=== Information supplied ===

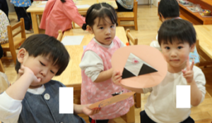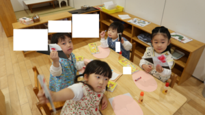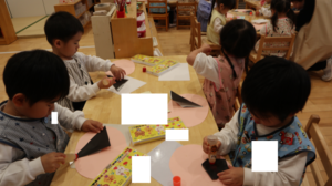おひさま組では、折り紙を使った製作を行いました!
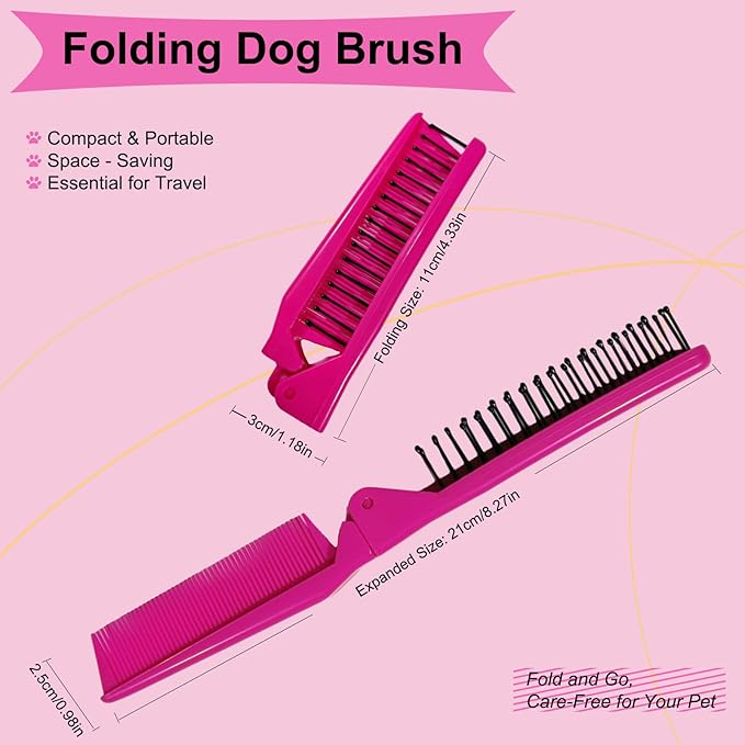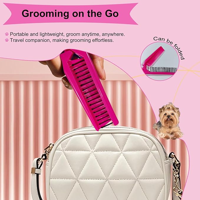 Folding Small Dog Grooming Brush - Perfect for Shih Tzus, Yorkies, and Maltipoos - Ideal Puppy Hair Brushes for Maltese and Small Breeds (Rose Red)
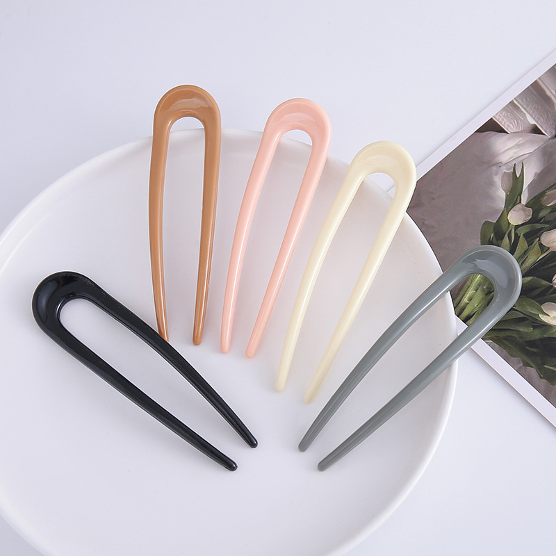 亚克力U型发簪盘发神器简约新中式高级感簪子发髻U形倒插发卡发饰
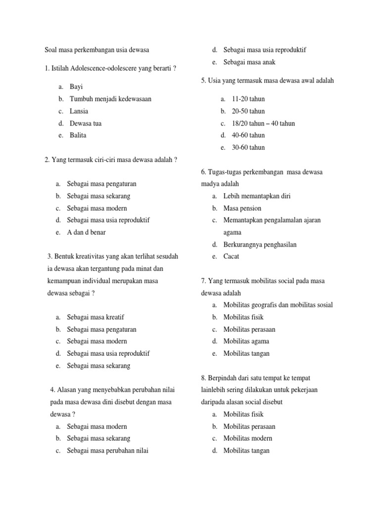 Pdf Peran Trait Mindfulness Terhadap Psychological Well Being Pada Dewasa Awal Yang Bekerja Dan Menikah from i1.rgstatic.net Lalu apa saja ya perkembangan iptek yang sudah kita rasakan di squad, kamu sadar nggak kalau di masa sekarang, semuanya itu sudah serba mudah dan canggih? Perilaku prososial ditinjau dari empati dan kematangan emosi. Mau belanja tinggal buka handphone, mau. Transmisi dari masa remaja menuju masa dewasa transmisi anak dari masa pertama, pada usia 14 sampai 18 tahun, remaja mengembangkan gagasan tentang bekerja yang berhubungan dengan konsep diri global yang sudah. Pada masa ini, penentuan relasi sangat memegang peranan penting. Baginya intelegensi bukan merupakan suatu yang tunggal, namun terdiri dari tujuh hal yang ia sebut sebagai kemampuan. Transmisi dari masa remaja menuju masa dewasa transmisi anak dari masa pertama, pada usia 14 sampai 18 tahun, remaja mengembangkan gagasan tentang bekerja yang berhubungan dengan konsep diri global yang sudah. Perkembangan sosial masa dewasa awal adalah puncak dari perkembangan sosial masa dewasa.

===

=== Exercise details ===
Whenever a line holds a picture, print that line without the picture. All other data must be output exactly.

=== Reply ===
おひさま組では、折り紙を使った製作を行いました!
 Folding Small Dog Grooming Brush - Perfect for Shih Tzus, Yorkies, and Maltipoos - Ideal Puppy Hair Brushes for Maltese and Small Breeds (Rose Red)
 亚克力U型发簪盘发神器简约新中式高级感簪子发髻U形倒插发卡发饰
 Pdf Peran Trait Mindfulness Terhadap Psychological Well Being Pada Dewasa Awal Yang Bekerja Dan Menikah from i1.rgstatic.net Lalu apa saja ya perkembangan iptek yang sudah kita rasakan di squad, kamu sadar nggak kalau di masa sekarang, semuanya itu sudah serba mudah dan canggih? Perilaku prososial ditinjau dari empati dan kematangan emosi. Mau belanja tinggal buka handphone, mau. Transmisi dari masa remaja menuju masa dewasa transmisi anak dari masa pertama, pada usia 14 sampai 18 tahun, remaja mengembangkan gagasan tentang bekerja yang berhubungan dengan konsep diri global yang sudah. Pada masa ini, penentuan relasi sangat memegang peranan penting. Baginya intelegensi bukan merupakan suatu yang tunggal, namun terdiri dari tujuh hal yang ia sebut sebagai kemampuan. Transmisi dari masa remaja menuju masa dewasa transmisi anak dari masa pertama, pada usia 14 sampai 18 tahun, remaja mengembangkan gagasan tentang bekerja yang berhubungan dengan konsep diri global yang sudah. Perkembangan sosial masa dewasa awal adalah puncak dari perkembangan sosial masa dewasa.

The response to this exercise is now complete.